Monday
Hello, everyone,
I’m currently working on automating the processing of invoice documents using Decipher IDP.
However, I’ve encountered an issue where data extraction fails for a specific field on the document.
As shown in the screenshot, a bounding box is drawn around the invoice number, but the data itself isn’t extracted.
Interestingly, if I manually click the Refresh Region button, the correct value is extracted with 100% accuracy.
(In other words, the field is correctly read only when someone intervenes to press the Refresh Region button.)
I’d like to know if there’s a way to resolve this issue.
I made a DFD definition like below
ID : FT_1_USER_FIELD
Format : Text
Flags : Assignable, Required, AutoCalculate
Format Expression : ^\d{3}-?\d{2}-?\d{5}$ <---- an expression for tax number
Dependent Items : FT_1_USER_FIELD
Formula : STRREPLACE(FT_1_USER_FIELD, " ", "") <---- Aims To get rid of empty space
If anyone has encountered and solved a similar problem, I’d greatly appreciate your advice. Thank you!
Monday
Hi @Sangjun ,
I would recommend removing the formula and deselecting the Auto-Calculate flag as there is potentially a more efficient way to remove the unwanted space.
You can use the misc parameter "RegexMode" and set it to "2", which uses a fuzzy matching method and can automatically remove unwanted spaces.
You can see in my example where I'm using the expression [A-Z]{2}[0-9]{5} that the space is causing an error.
I then set the Regex Mode to 2.
And retry the same document, this time the space is removed by Decipher.
Ensure you test this with other documents as other characters can be replaced e.g. o can be changed to 0.
Also when using a formula like this, it's best to use the special variable SELF e.g. STRREPLACE(SELF, " ", "").
Kind Regards
yesterday
Dear Ben Lyons,
Even after applying the method you suggested, the issue has not been resolved.
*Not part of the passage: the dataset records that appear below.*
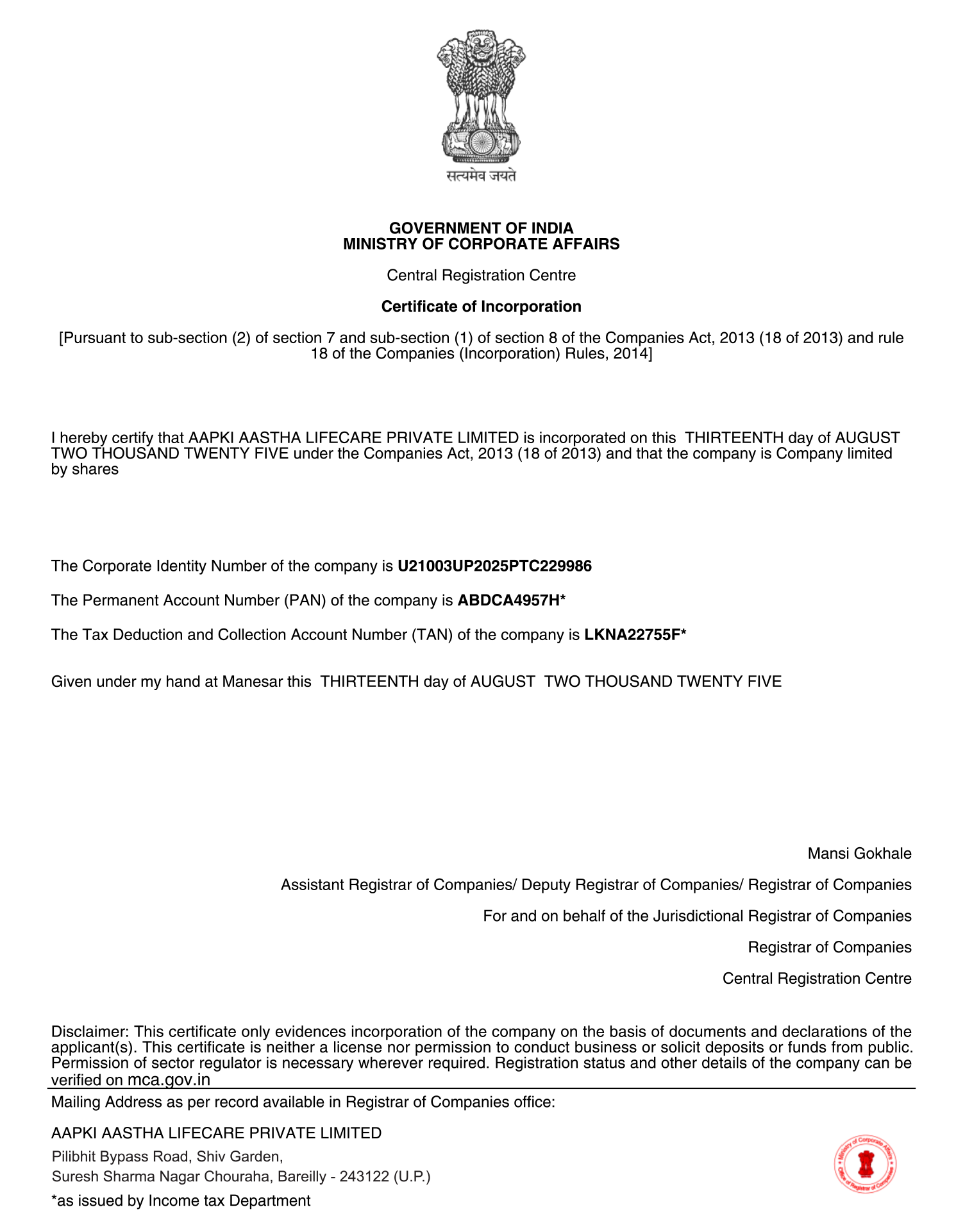 आपकी आस्था लाइफकेयर प्राइवेट लिमिटेड में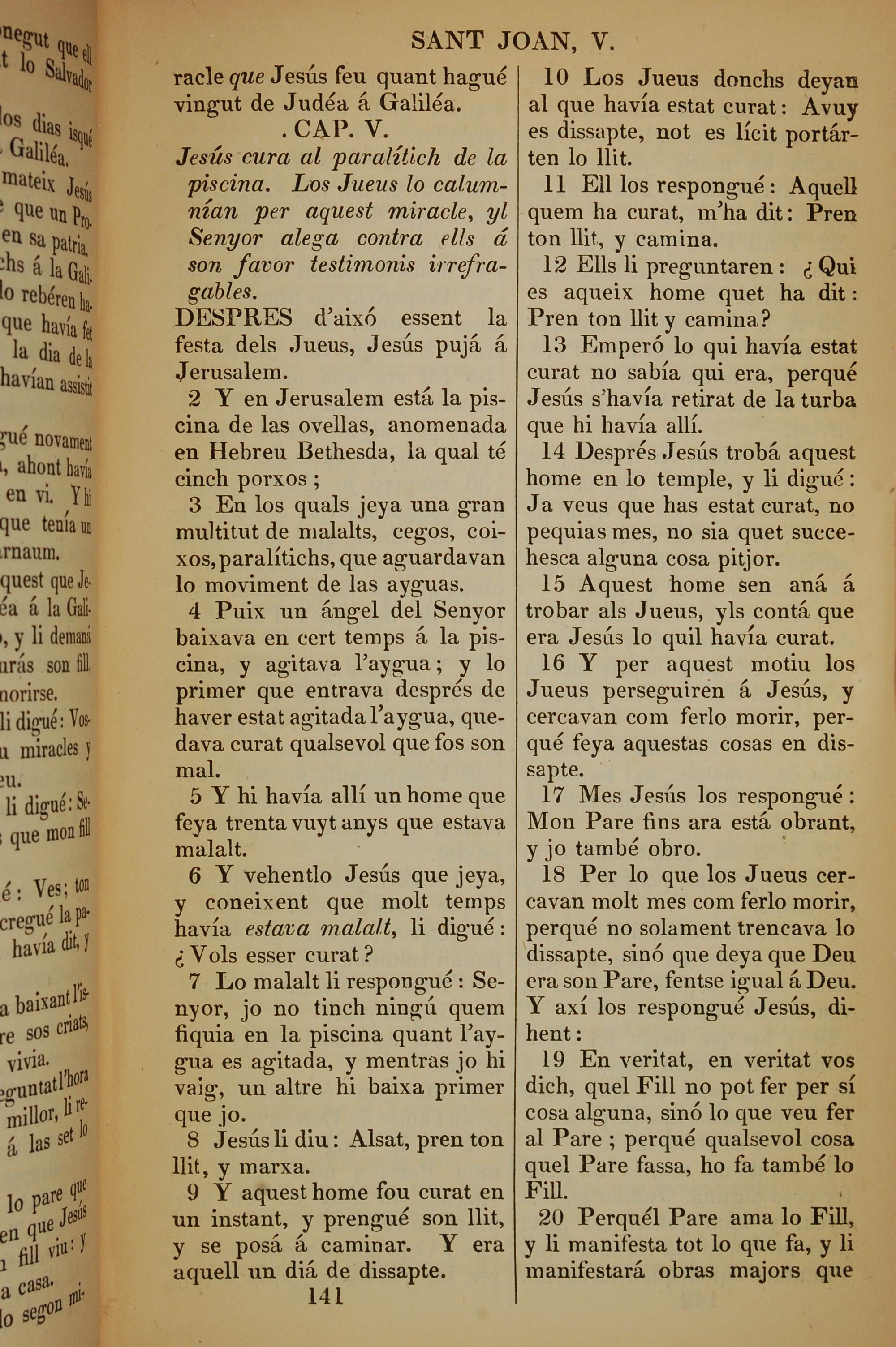 1835年加泰羅尼亞語新約全書 約翰福音 5 章 1 節到 5 章 20 節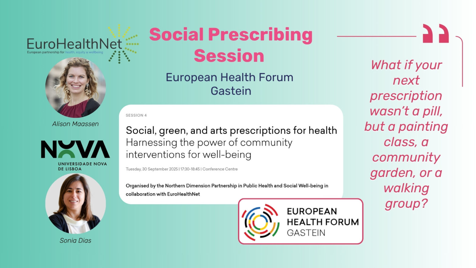 October 2025 – At the currently ongoing European Health Forum Gastein (EHFG 2025), yesterday’s session on social, green, and arts prescriptions focused on how community-based approaches such as creative workshops, green spaces, and social activities can strengthen health systems and promote equity. Alison Maassen (EuroHealthNet) moderated the discussion,…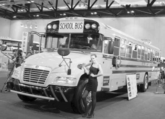 2月16日,美國藍鳥汽車廠家制造的“長鼻子”校車在北京展出。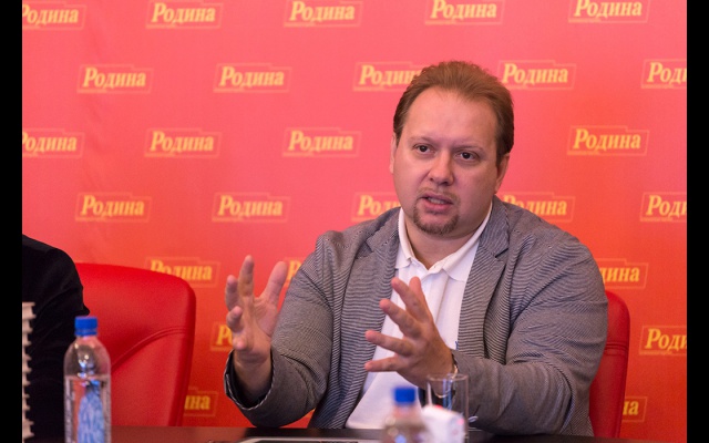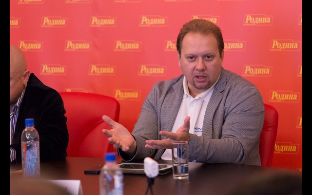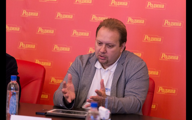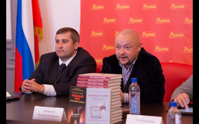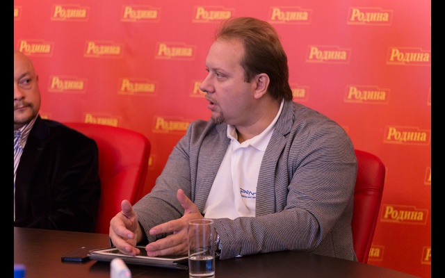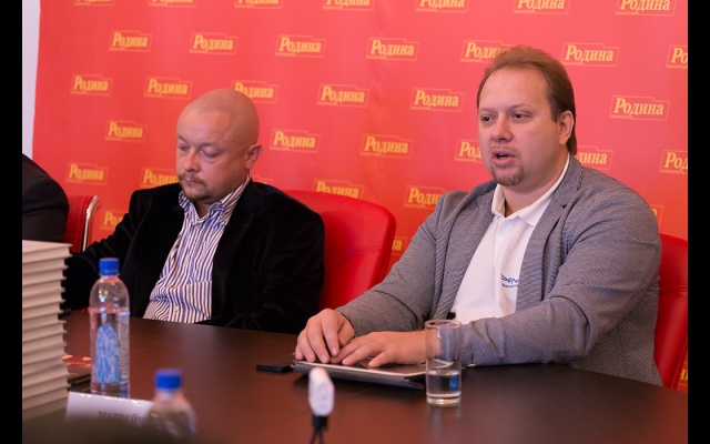 В конце заседания Фёдор Бирюков вручил Олегу Матвейчеву новый партийный значок "РОДИНЫ", выполненный с использованием кремлёвской звезды.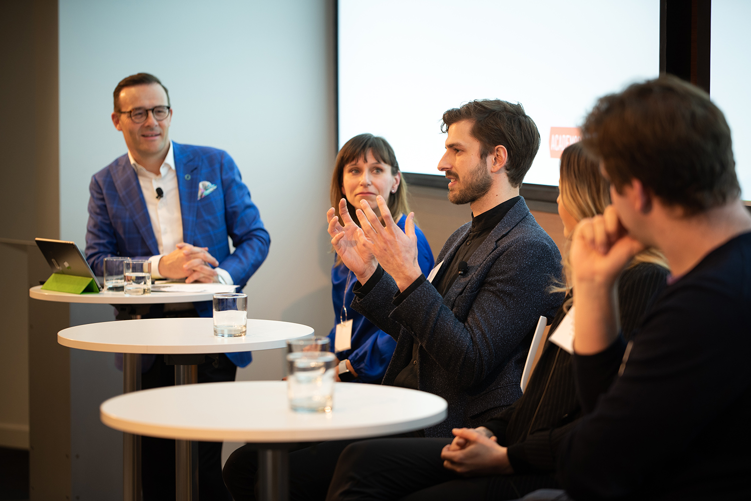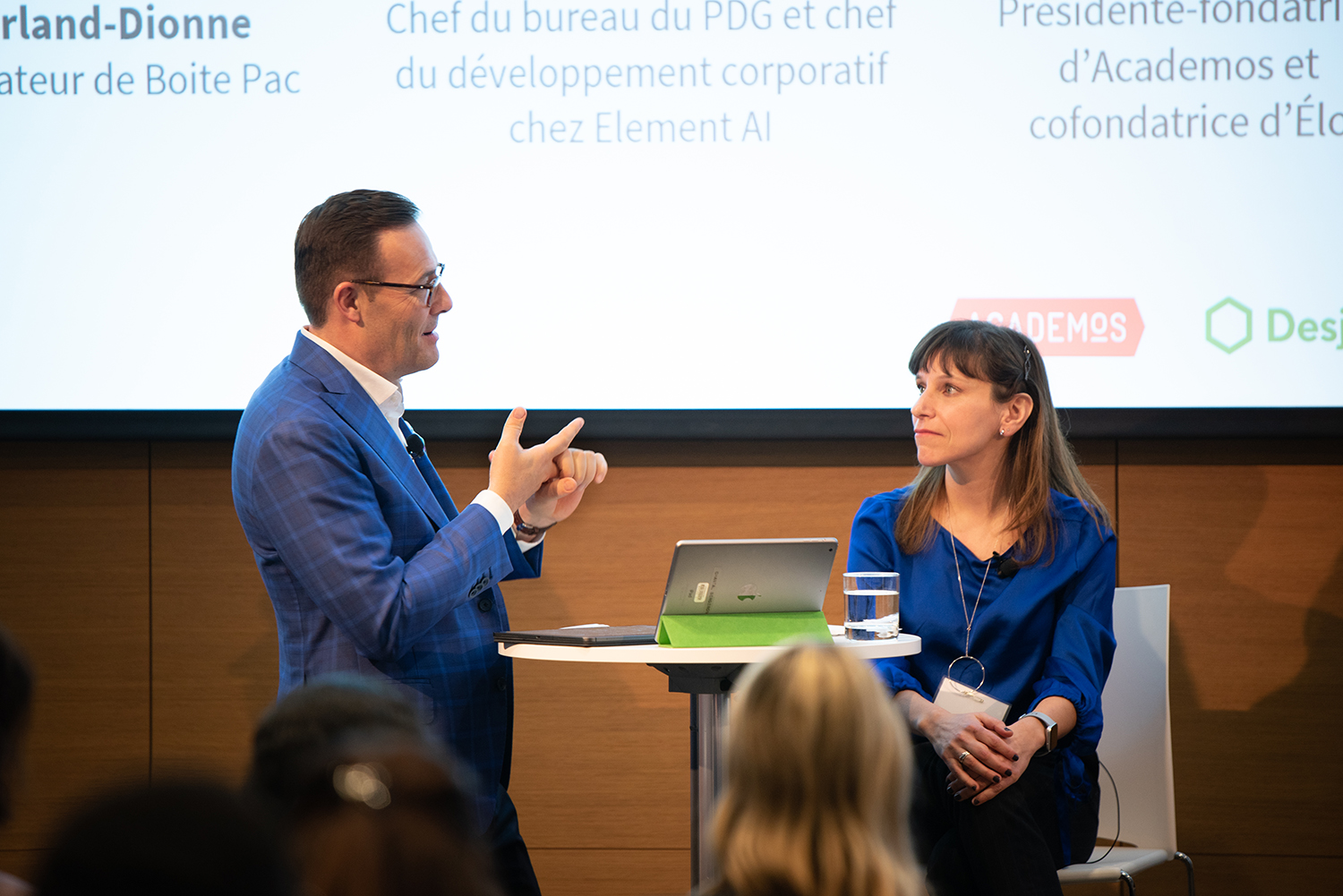 Ils étaient accompagnés de Catherine Légaré, présidente-fondatrice d’Academos, qui a pu compléter la discussion avec les données issues de notre rapport sur la génération Z. Le tout était dirigé par Guy Cormier, président et chef de la direction du Mouvement Desjardins, qui a profité de l’occasion pour annoncer sa nomination à titre de parrain officiel d’Academos.

When I create a new DFD specification and test it with only the StrictPosition=On option, the region with the rectangular border is formed, but the issue of not capturing the tax number inside remains the same.
The resolution of the PDF file seems fine, and I believe the data is of a vector type,
but I am unsure why this issue is occurring.
yesterday
Anyhow, I am using the method you suggested, Not using formula and Auto-Calculate flag, setting 'RegexMode=2' into Misc-parameters in order to get rid of empty spaces.
yesterday
Hi @Sangjun ,
I have encountered issues similar to what you mentioned. Below are the steps I usually follow. In some cases, I have observed that Decipher can automatically pick up the fields after performing these steps. You can give it a try.
• Take a backup of the training data.
• Delete the existing training data.
• Train the document again. When starting the training process, please select only the “Assignable” flag and remove the formulas and miscellaneous parameters.
Regards,
Athiban
yesterday
Hi @Sangjun ,
I agree that it might be useful to restart your training as a new DFD will use the same training data (unless the segregation option has been selected).
It can also sometimes be that the hyphen character "-" is not the same unicode character read by the pdf extraction or OCR engine. It could be worth trying this expression ^\d{3}.?\d{2}.?\d{5}$ .
Though the first step would certainly be to test it without any expression.
Thanks